System Design Framework
A structured approach to designing large-scale distributed systems. Apply these principles when architecting new services, reviewing system designs, estimating capacity, or preparing for system design discussions.
Core Principle
Start with requirements, not solutions. Every system design begins by clarifying what you are building, for whom, and at what scale. Jumping to architecture before understanding constraints produces over-engineered or under-engineered systems.

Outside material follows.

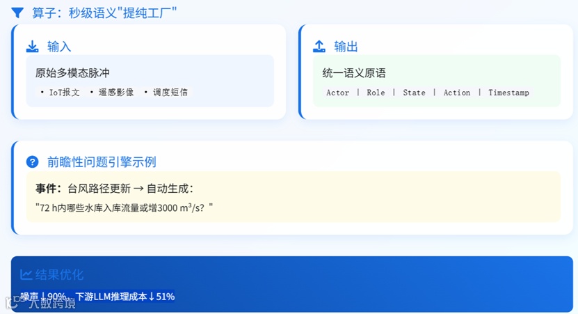 传感器数据算子:接收一条{设备ID: "S001", 时间: "...", 值: "145.2"}的原始数据,将其解析为{行动者: "A水库", 角色: "监测实体", 状态: "水位", 单位: "米", 值: 145.2, ...}的语义结构。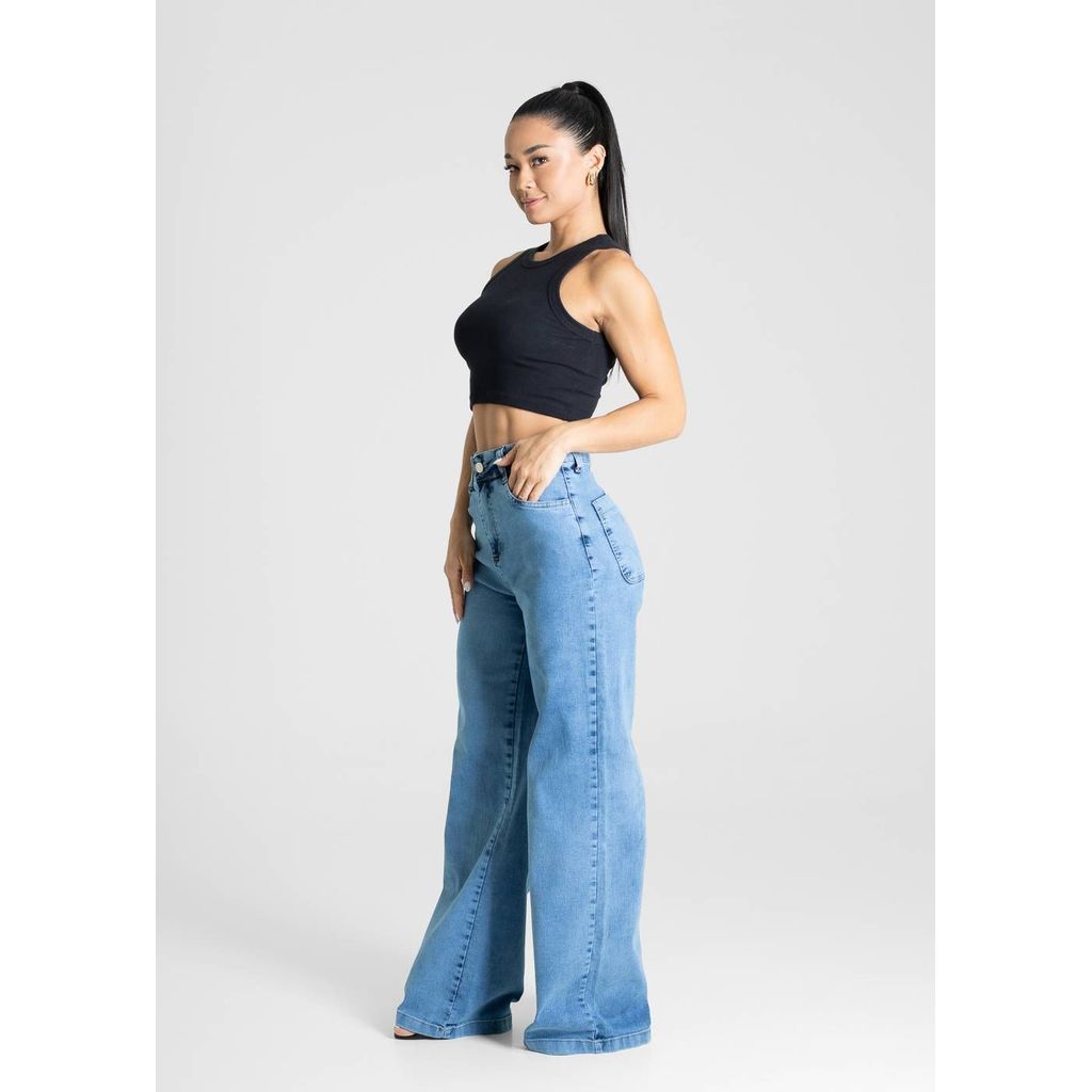 Calça feminina confeccionada em jeans. O modelo possui cintura super alta, gancho no lugar e caimento amplo da coxa até a barra. Cintura alta Fechamento através de um botão e zípe Bolsos frontais e posteriores funcionais Barra simples Tecido: Jeans Tipo de Lavagem: Azul Cor: Azul Composição: 80% ALGODÃO 18% POLIÉSTER 02% ELASTANO Tipo de lavagem: FINA ESTAMPA

The foundation: Scalable systems are not invented from scratch -- they are assembled from well-understood building blocks (load balancers, caches, queues, databases, CDNs) connected by clear data flows. The skill lies in choosing the right blocks, sizing them correctly, and understanding the tradeoffs each choice introduces. A four-step process -- scope, high-level design, deep dive, wrap-up -- keeps the design focused and communicable.
Scoring
Goal: 10/10. When reviewing or creating system designs, rate them 0-10 based on adherence to the principles below. A 10/10 means the design clearly states requirements, includes back-of-the-envelope estimates, uses appropriate building blocks, addresses scaling and reliability, and acknowledges tradeoffs. Lower scores indicate gaps to address. Always provide the current score and specific improvements needed to reach 10/10.
The System Design Framework
Six areas for building reliable, scalable distributed systems:
1. The Four-Step Process
Core concept: Every system design follows four stages: (1) understand the problem and establish design scope, (2) propose a high-level design and get buy-in, (3) dive deep into critical components, (4) wrap up with tradeoffs and future improvements.
Why it works: Without a structured process, designs either stay too abstract or get lost in premature detail. The four-step approach ensures you invest time proportionally -- broad strokes first, depth where it matters.
Key insights:
- Step 1 consumes ~5-10 minutes: ask clarifying questions, list functional and non-functional requirements, agree on scale (DAU, QPS, storage)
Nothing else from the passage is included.